Exercise directions
With pictures excluded, copy word for word the lines in the data below from the line containing "at top-right or" through the line containing "Verwandeln Sie Ihren".

Material for the task
========

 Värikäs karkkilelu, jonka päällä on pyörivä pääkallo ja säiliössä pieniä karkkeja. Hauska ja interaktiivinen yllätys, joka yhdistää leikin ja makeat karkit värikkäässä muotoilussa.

========

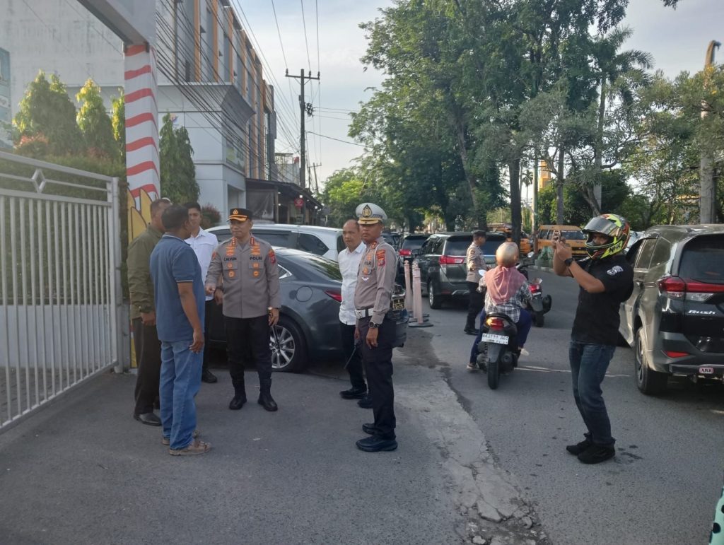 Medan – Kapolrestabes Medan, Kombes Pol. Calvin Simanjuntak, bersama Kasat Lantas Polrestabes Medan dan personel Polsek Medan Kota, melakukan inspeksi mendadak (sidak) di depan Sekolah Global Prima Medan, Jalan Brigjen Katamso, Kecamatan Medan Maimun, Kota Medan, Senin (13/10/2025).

========

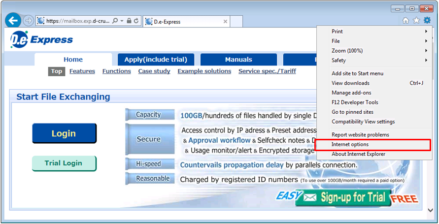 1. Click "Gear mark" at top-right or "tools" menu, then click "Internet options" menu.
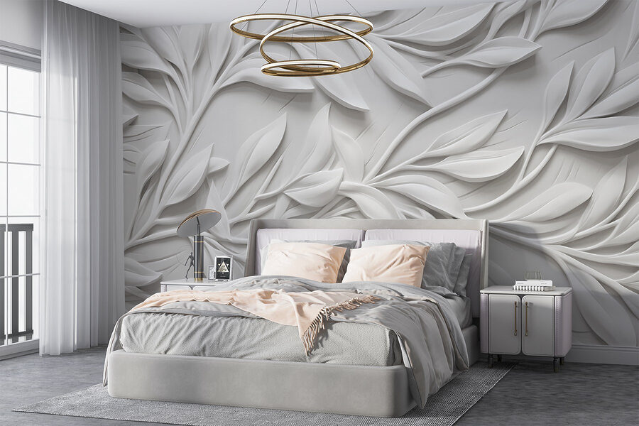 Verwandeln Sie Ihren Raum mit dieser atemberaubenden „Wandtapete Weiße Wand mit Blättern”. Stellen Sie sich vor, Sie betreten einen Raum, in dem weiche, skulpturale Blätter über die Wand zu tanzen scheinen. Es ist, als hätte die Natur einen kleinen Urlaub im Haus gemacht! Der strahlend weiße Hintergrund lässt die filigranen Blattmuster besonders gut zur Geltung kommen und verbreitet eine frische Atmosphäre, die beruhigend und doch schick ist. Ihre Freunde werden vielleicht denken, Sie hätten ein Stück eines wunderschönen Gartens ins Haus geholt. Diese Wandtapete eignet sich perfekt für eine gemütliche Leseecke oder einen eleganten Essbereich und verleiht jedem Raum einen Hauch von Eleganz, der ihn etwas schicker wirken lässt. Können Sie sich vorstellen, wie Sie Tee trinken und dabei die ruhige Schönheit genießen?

========

Completed exercise
 1. Click "Gear mark" at top-right or "tools" menu, then click "Internet options" menu.
 Verwandeln Sie Ihren Raum mit dieser atemberaubenden „Wandtapete Weiße Wand mit Blättern”. Stellen Sie sich vor, Sie betreten einen Raum, in dem weiche, skulpturale Blätter über die Wand zu tanzen scheinen. Es ist, als hätte die Natur einen kleinen Urlaub im Haus gemacht! Der strahlend weiße Hintergrund lässt die filigranen Blattmuster besonders gut zur Geltung kommen und verbreitet eine frische Atmosphäre, die beruhigend und doch schick ist. Ihre Freunde werden vielleicht denken, Sie hätten ein Stück eines wunderschönen Gartens ins Haus geholt. Diese Wandtapete eignet sich perfekt für eine gemütliche Leseecke oder einen eleganten Essbereich und verleiht jedem Raum einen Hauch von Eleganz, der ihn etwas schicker wirken lässt. Können Sie sich vorstellen, wie Sie Tee trinken und dabei die ruhige Schönheit genießen?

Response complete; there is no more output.